Start of Data block

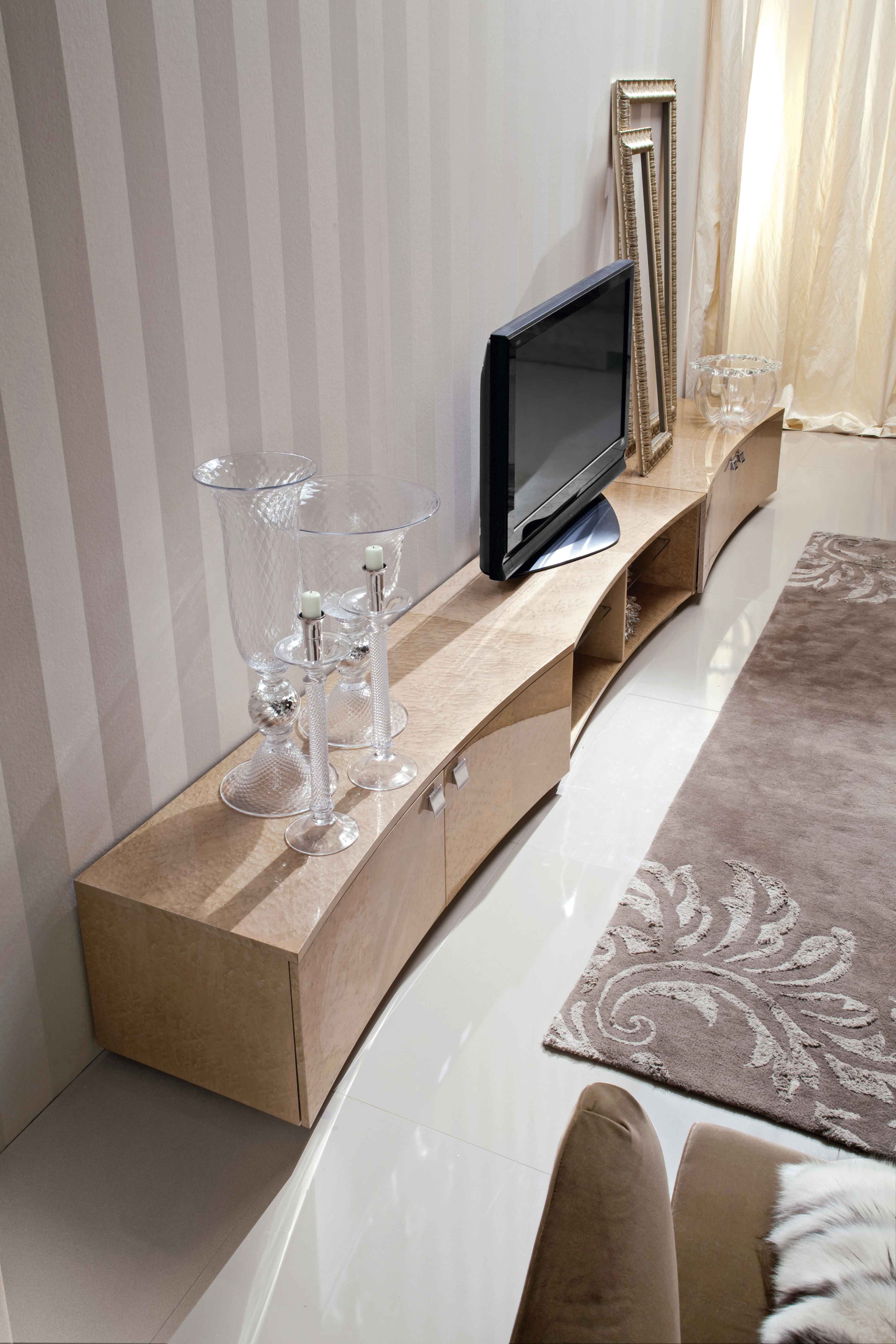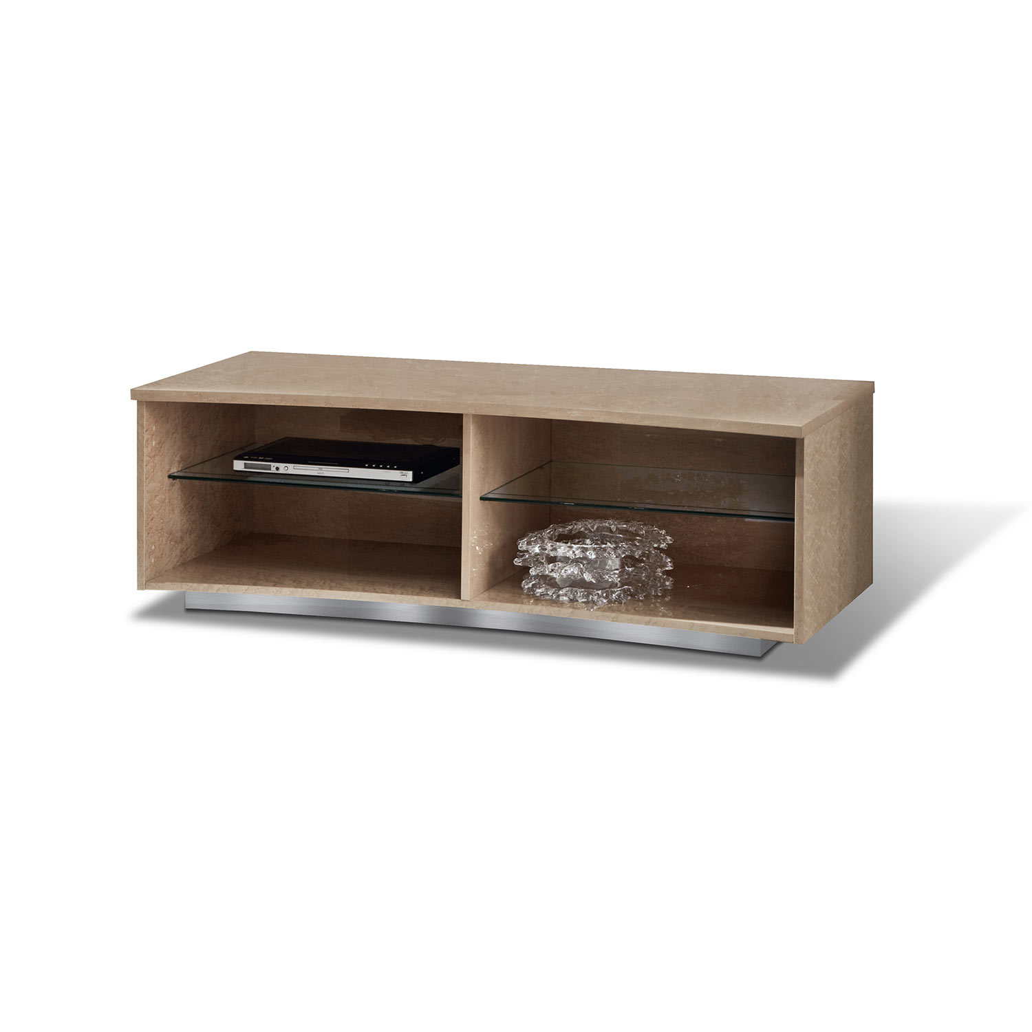 底座仅用于等离子电视,没有门。开放空间和2个可调节的玻璃搁板,采用高光聚酯香槟鸟眼枫木贴面制成。镀铬不锈钢底座。
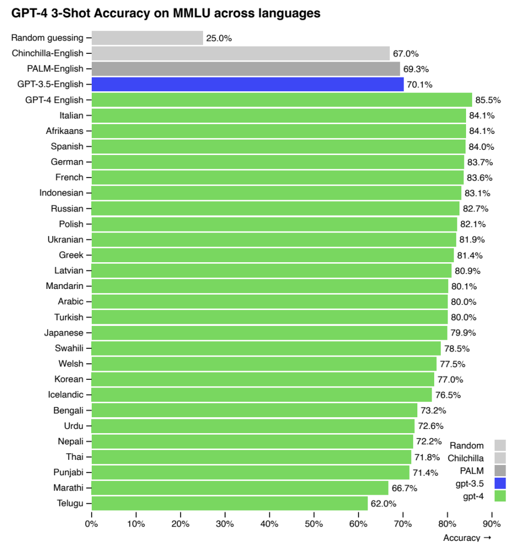 Fig. 137 Performance of GPT-4 in a variety of languages compared to prior models in English on MMLU.#
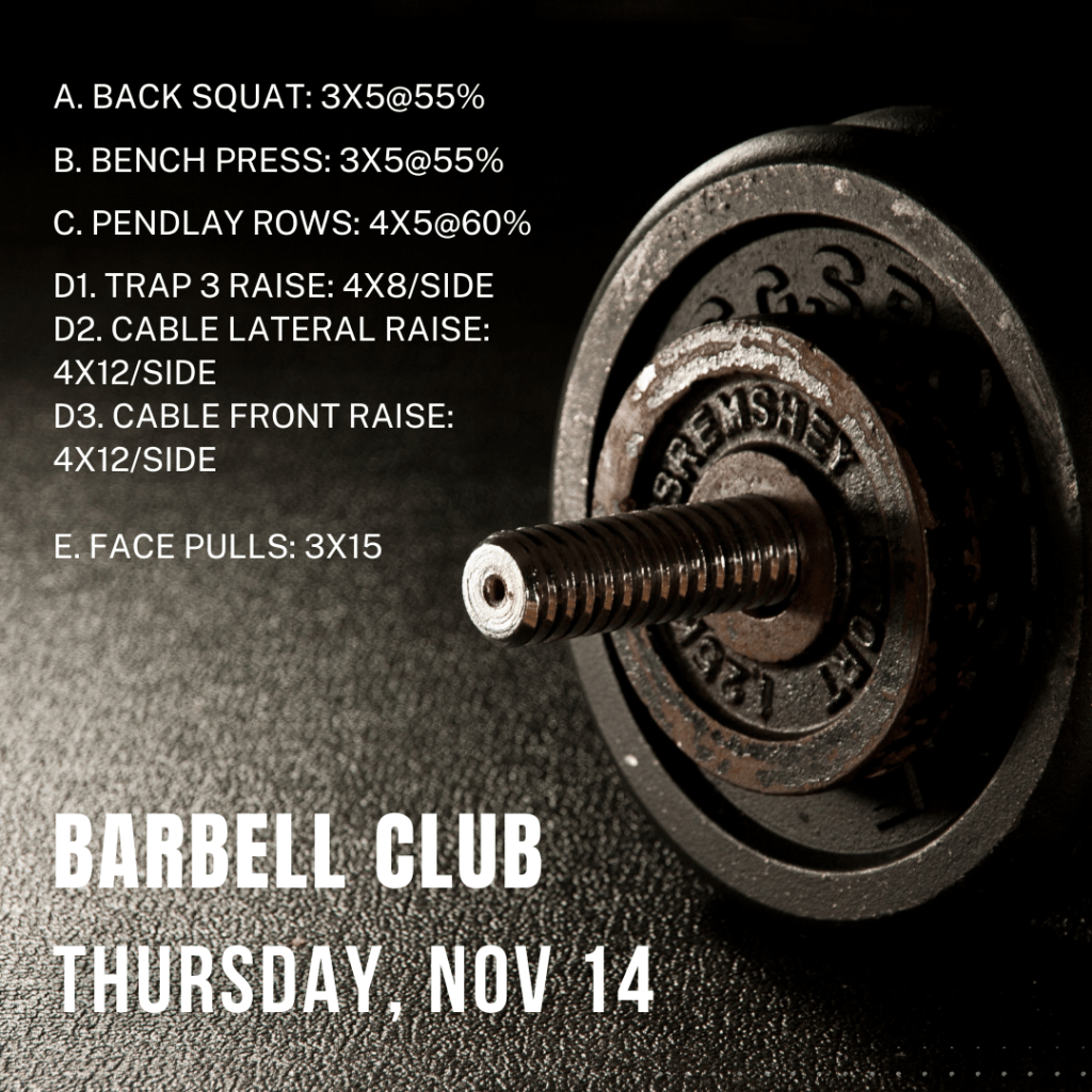 Barbell Club today is light day for squat and bench, and we are doing Pendlay rows instead of deadlifts. *For deadlifts, we will only have light and heavy days each week.*
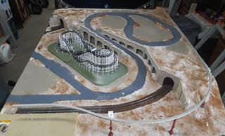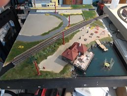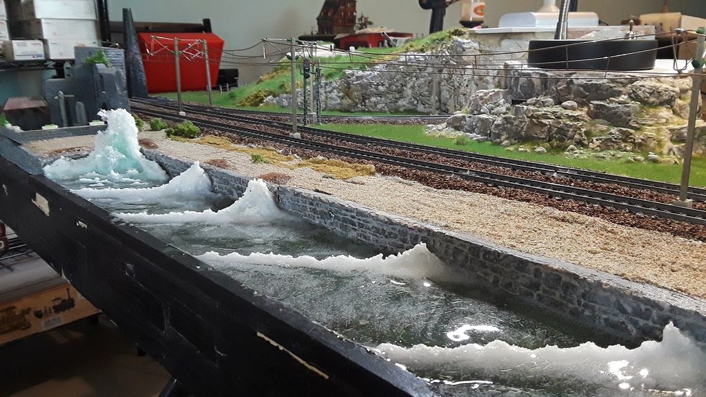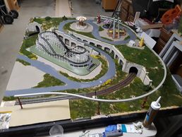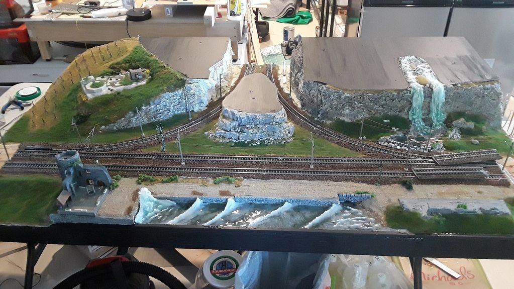 Module 2 - several layers of "magic water", static grass and ground covers. Note the supports for the Monorail.

End of Data block

- **What this task involves**:
A word-for-word copy of the lines from the one with "Barbell Club today" through the last line of the data above is required, with both end lines included and no pictures.

- **Solution to this exercise**:
 Barbell Club today is light day for squat and bench, and we are doing Pendlay rows instead of deadlifts. *For deadlifts, we will only have light and heavy days each week.*
 Module 2 - several layers of "magic water", static grass and ground covers. Note the supports for the Monorail.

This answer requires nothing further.